At the National AAU swimming championship in April 1943, Holiday finally went head-to-head with world-record holder Adolph Kiefer. Holiday beat Kiefer in the 150-yard backstroke at the AAU meet. The defeat was the first for Kiefer in eight years.

In his first two months of varsity competition, Holiday broke two of Adolph Kiefer's world records, lowering the 100-yard backstroke mark to 57 seconds and the 200-meter standard to 2:22.9. In August 1943, the NCAA also recognized Holiday as the holder of the new world record in the 150-yard backstroke with a mark of 1:31.5.

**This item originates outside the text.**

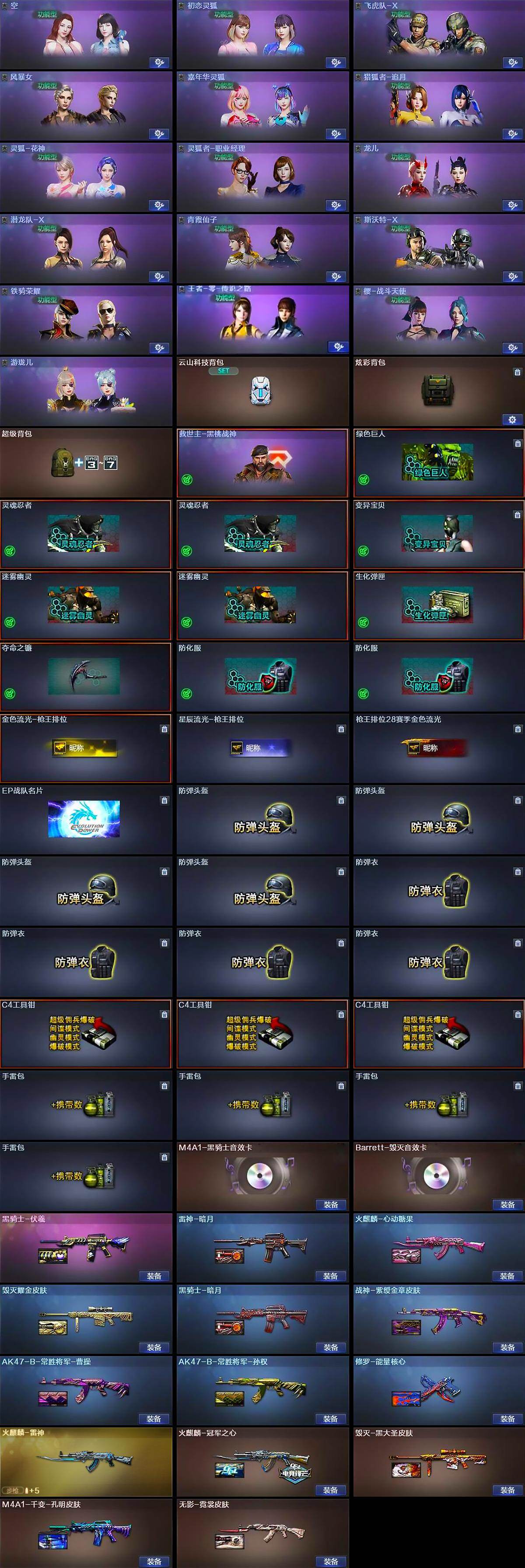 【皮肤】:雷神-暗月,火麒麟-雷神,火麒麟-冠军之心,火麒麟-心动糖果,毁灭耀金皮肤,毁灭-黑大圣皮肤,M4A1-千变-孔明皮肤,黑骑士-暗月,黑骑士-伏羲,无影-霓裳皮肤,战神-紫绶金章皮肤,AK47-B

Holiday was named as a swimmer to the 1944 Olympic team, but the games were cancelled due to World War II.

==World War II==
Holiday was called into active duty in the Army, leaving for combat training in Texas in 1943, and served until 1946. He was unable to compete for Michigan swimming in 1944, 1945, or 1946. In June 1946, he competed for the University of Hawaii, setting new Hawaiian records in the 200-yard medley and 150-yard backstroke event.

==1947 swim season==
He returned to Michigan in 1947. That year, he set world and American records in the 140-yard individual medley, the 300-meter and 40-yard backstroke events. He was the favorite at the 1947 NCAAs but was forced to withdraw after contracting the flu. As a Senior, Holiday was named captain of the Michigan team and led them to the NCAA National Championship meet held at Ann Arbor. He swam on the winning 300-yard medley relay team, and for the third consecutive year won place on the All-America swimming team.

==Swimming accomplishments==
Despite losing three years of his U-M swimming career to the war, Holiday set seven world records as a swimmer in the 100-yard backstroke, 200-meter backstroke, 440-yard backstroke, 300-meter individual medley, and in three relay events. He captured six NCAA championships in the 150-yard backstroke, the 100-meter backstroke, and in four relay events. Unrivalled in his mastery of the backstroke for his era, he held 18 American records including the 100-yard backstroke, 150-yard backstroke, 150-meter backstroke, 100-meter backstroke, 200-yard backstroke, 400-yard backstroke, 440-yard backstroke, and nine in relay events. Holiday was an NCAA champion every year he competed for the Wolverines.

==Business career with Armco==
In 1949, Holiday went to work for steelmaker Armco, Inc. (originally American Rolling Mill Co.), where his father had been a plant manager for many years. Holiday began as an assistant metallurgist in the company's Middletown, Ohio plant, and stayed with the company for 36 years until his retirement.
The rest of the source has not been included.